Let $\Omega \subset \mathbb{R}^n$, $p>1$. Let $(u_k)_{k\in\mathbb{N}}\subset W^{1,p}(\Omega)$, $u\in L^p(\Omega)$ such that
(i)if $p<\infty$: $u_k\to u$ weakly in $L^p(\Omega)$,
(ii)if $p=\infty$ $u_k\to u$ weak* in $L^{\infty}(\Omega)$.
And let $$\ \sup_k \| \nabla u_k\|_{L^p}<\infty$$
Prove that $u\in W^{1,p}(\Omega)$ and
1)if $p<\infty$: $u_k\to u$ weakly in $W^{1,p}(\Omega)$
2)if $p=\infty$: $u_k\to u$ weak* in $W^{1,\infty}(\Omega)$.
Sorry, I don't know how to prove it. Especially, I don't know how to conclude from (i) that $u$ has a weak derivative in $L^p$, thus I appreciate any hints how to do it.
Without the uniform bound on the gradient it's obviously false, even if you have strong convergence in $L^p(\Omega)$ (at least for $p<\infty$): The space $C_c^\infty(\Omega)$ is dense in $L^p(\Omega)$.

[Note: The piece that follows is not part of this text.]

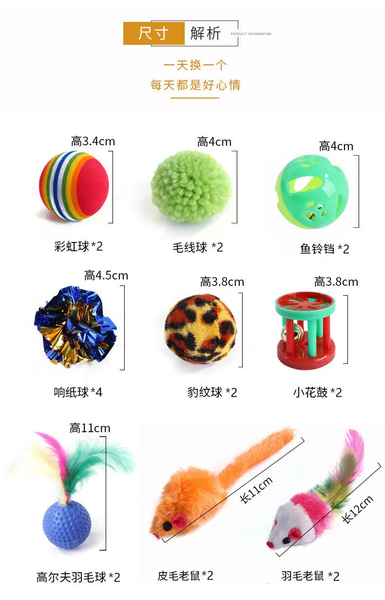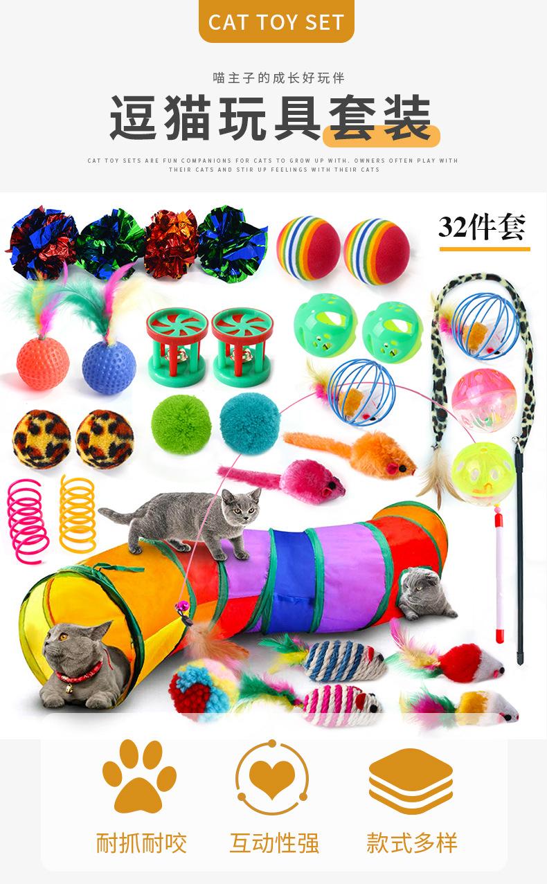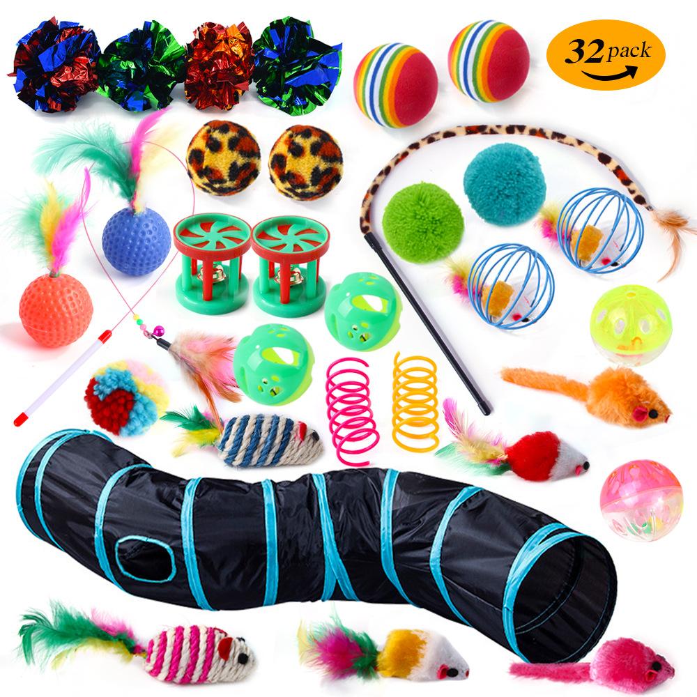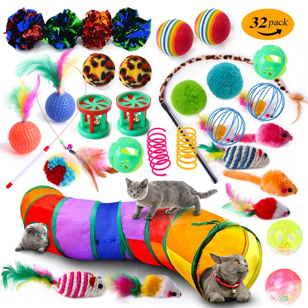 Juguete para gatos transfronterizo, nuevo, con forma de campana, bola, pluma, palo de gato, peluche, ratón, resorte, túnel para gatos, juego de 22 piezas

With the gradient bound we can appeal to the reflexivity of $W^{1,p}(\Omega)$ (the case $p=\infty$ appeals to Banach-Alaoglu instead) to get the existence of $v\in W^{1,p}(\Omega)$ such that for some subsequence (which we call the same) we have $u_k\to v$ weakly in $W^{1,p}(\Omega)$. Now to show that $u=v$ notice that the inclusion $W^{1,p}(\Omega)\hookrightarrow L^p(\Omega)$ is a continuous linear operator, and as such preserves weak convergence. Therefore $u=v$ in $L^p(\Omega)$.